DNA Sequence Analysis Learning Scenario
Shodor > NCSI Talks > Excel > DNA Sequence Analysis Learning Scenario

Learning Scenario - DNA Sequence Analysis (Excel)

Basic Model:

Description

This is an excel worksheet that can be used to analyze strands of DNA based on their relative quantities of base pairs. Given a string of DNA, the worksheet will iterate over each value in the string and record the number of each base pair. Parameters in this model - Target and Target2 - determine which base pairs are being counted. The user can also set the inputs in the form of sequences of DNA base pairs to be analyzed. Multiple strings can be analyzed at once, allowing for easy comparison.

Background Information

Understanding the human genome is one the most important projects in medical and biological science today. Although the human genome was first sequenced in its entirety back in 2003, scientists today still struggle to understand the function of the vast majority of genes. The benefits of achieving such understanding would be legion. A completely mapped human genome would allow doctors to quickly identify and cure genetic disorders, produce medicines specifically tailored to the individual genome of the patient, and even modify human genes to select for desirable qualities.

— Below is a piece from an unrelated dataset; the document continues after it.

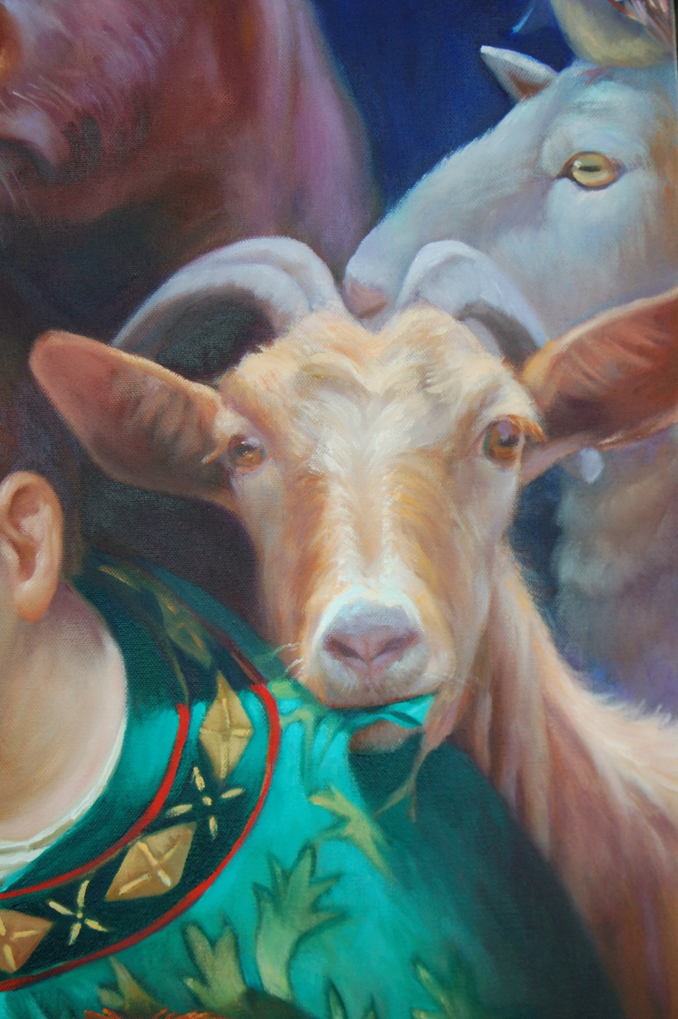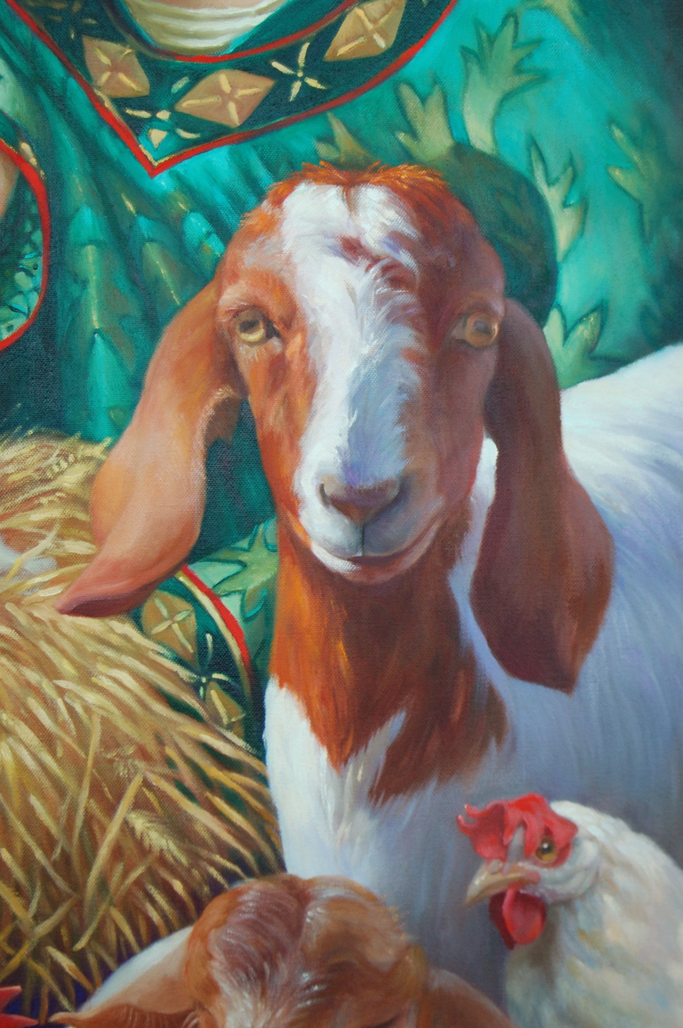 In this depiction of the birth of Jesus Christ we see the Holy Family surrounded by animals one might find in a barn. The infant Jesus touches the extended finger of Joseph reminiscent of God extending His finger to Adam in the Sistine Chapel depiction of the Creation. The donkey is depicted as a symbol of Jesus one day entering Jerusalem on a foal of a donkey. The white horse is a depiction of His eventual return as it is described in the Book of Revelation. Joseph and Mary are painted in royal robes as the parents of a King, though in reality they were extremely poor. Jesus, who was born into poverty, was another illustration of the Apostle Paul’s writing:

One of the most basic methods of understanding this intricate double helix is to look for patterns in base pairs. The patterns that are found can then be correlated with other observable characteristics of individuals to get an idea of what function those specific genes might have. Information about the function of genes can be used to help patients make informed decisions about their health. For instance, many people are carriers of a single gene for Sickle-Cell disease. On its own, this gene is harmless and even beneficial, as it confers some resistance to malaria. However, if two carriers of the sickle cell gene have a child, there is a chance that that child will inherit both genes and suffer from Sickle-Cell disease.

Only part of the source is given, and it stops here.